Work item
The listing is to be printed word for word, pictures omitted.

Data
== Segment start ==

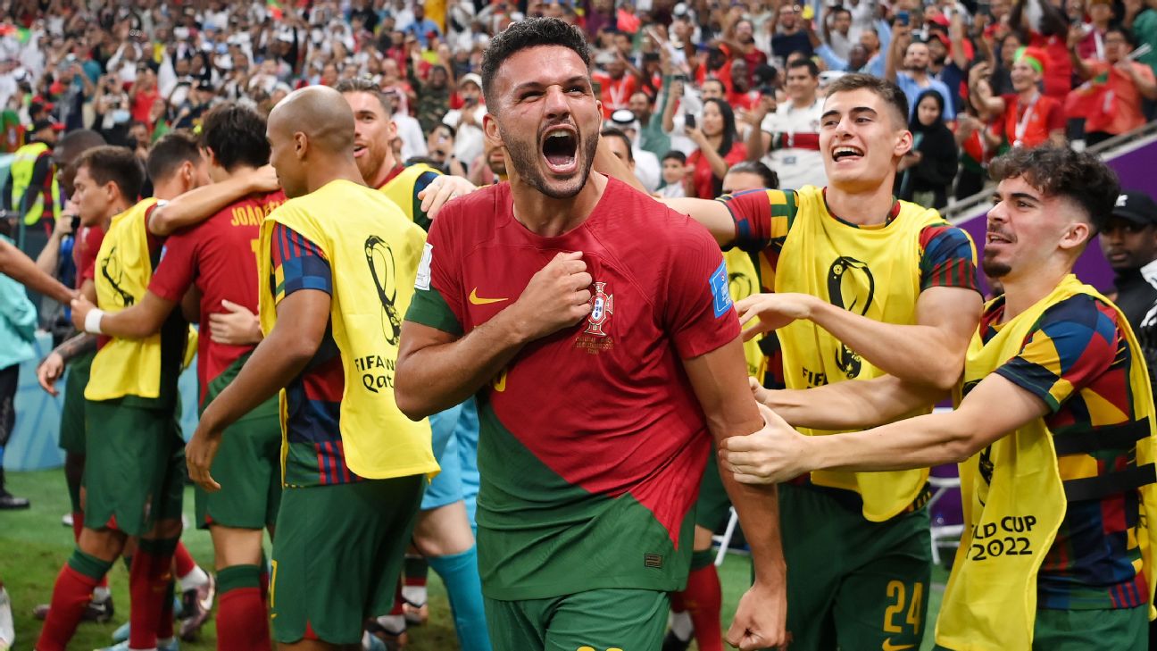 Goncalo Ramos netted a hat trick in his first World Cup start as Portugal stormed into the quarterfinals with a 6-1 win over Switzerland on Tuesday.
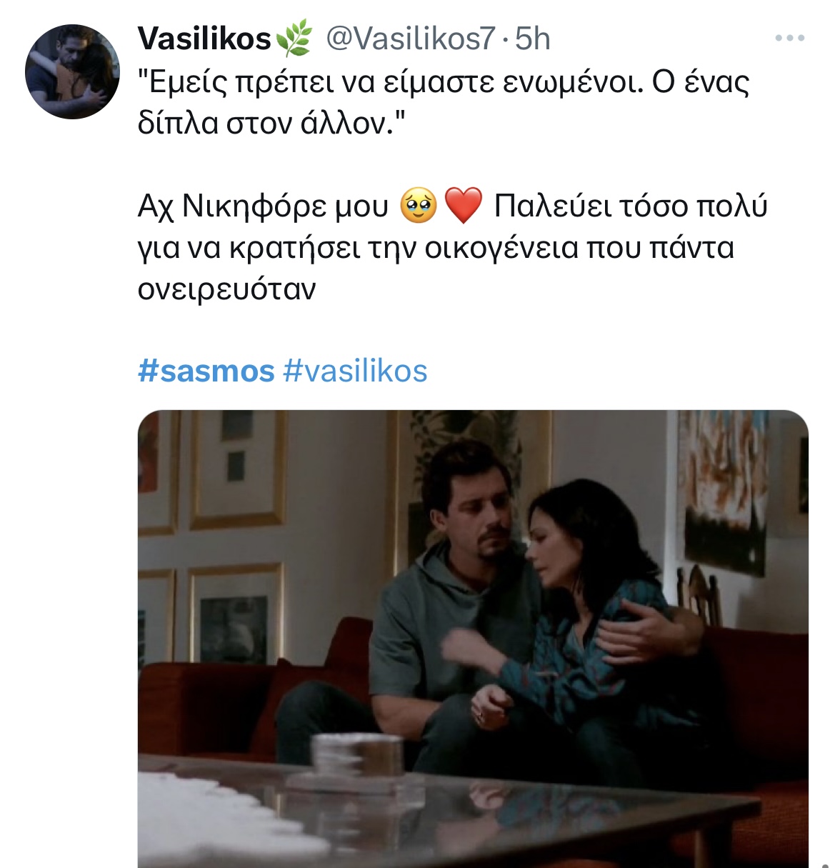 Στάθηκε στη «συγκλονιστική» ερμηνεία της γιαγιάς Ειρήνης, όπως και στην αντίδραση του Νικηφόρου ( Γιώργου Αμούτζα) «να κρατήσει την οικογένειά του ενωμένη».
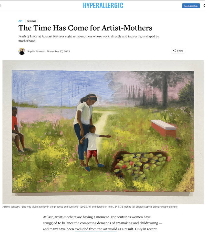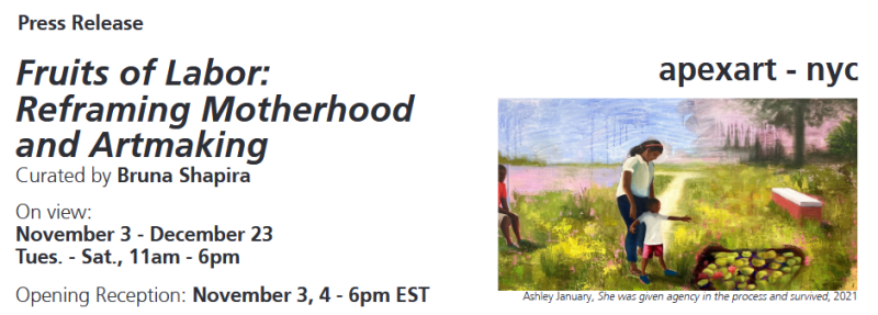 I participated in the group show, Fruits of Labor: Reframing Motherhood and Artmaking, with Apex Art in New York City. The show was curated by Bruna Shapira and my painting “She was given agency in the process and survived,” was included in the press release.

== Segment end ==

Response for this exercise
 Goncalo Ramos netted a hat trick in his first World Cup start as Portugal stormed into the quarterfinals with a 6-1 win over Switzerland on Tuesday.
 Στάθηκε στη «συγκλονιστική» ερμηνεία της γιαγιάς Ειρήνης, όπως και στην αντίδραση του Νικηφόρου ( Γιώργου Αμούτζα) «να κρατήσει την οικογένειά του ενωμένη».
 I participated in the group show, Fruits of Labor: Reframing Motherhood and Artmaking, with Apex Art in New York City. The show was curated by Bruna Shapira and my painting “She was given agency in the process and survived,” was included in the press release.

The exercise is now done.